Produces a child by perturbing some floats in the parent.

Parameters:

parents : list of Individuals

A list of parents to use when producing the child.

spawner : pyshgp.push.spawn.Spawner

A spawner that can be used to create random Push code.

class pyshgp.gp.variation.VariationOperator(num_parents)

The base class for all variation operators.

Parameters:

num_parents : int

Number of parent Individuals the operator needs to produce a child Individual.

produce(parents, spawner)

Produces a child.

class pyshgp.gp.variation.VariationOperatorPipeline(operators)

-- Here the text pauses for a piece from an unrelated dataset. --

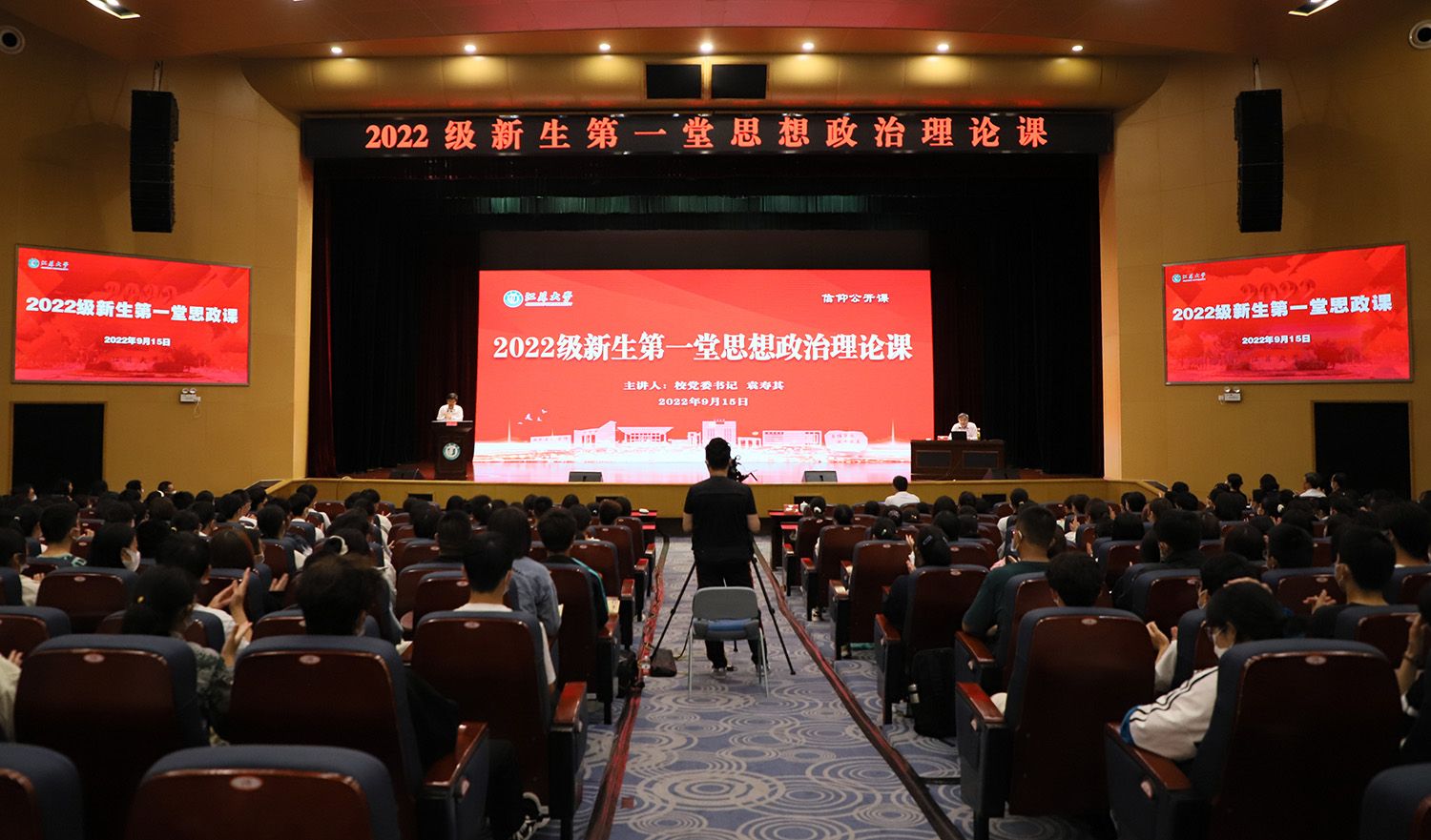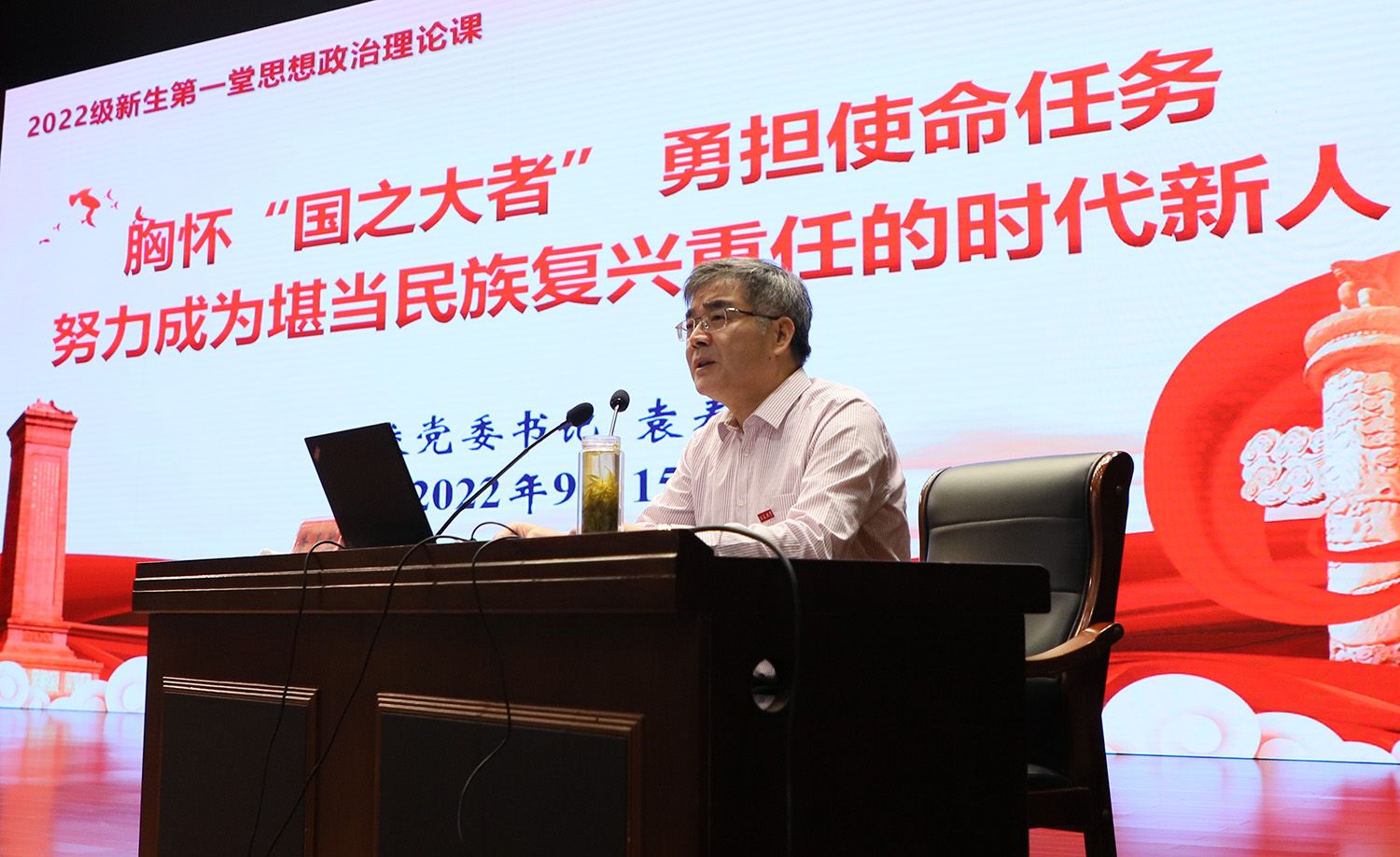 9月15日,校黨委書記袁壽其為全體2022級新生講授“第一堂思想政治理論課”,幫助新生系好人生的第一粒扣子,更好地適應大學生活,將個人理想與實現中國夢、與學校發展結合起來。

Variation operator that chains together other variation operators.

Parameters:

operators : list of VariationOperators

A list of operators to apply in order to produce the child Individual.

produce(parents, spawner)

Produces a child using the VariationOperatorPipeline.

Parameters:

parents : list of Individuals

A list of parents to use when producing the child.

spawner : pyshgp.push.spawn.Spawner

A spawner that can be used to create random Push code.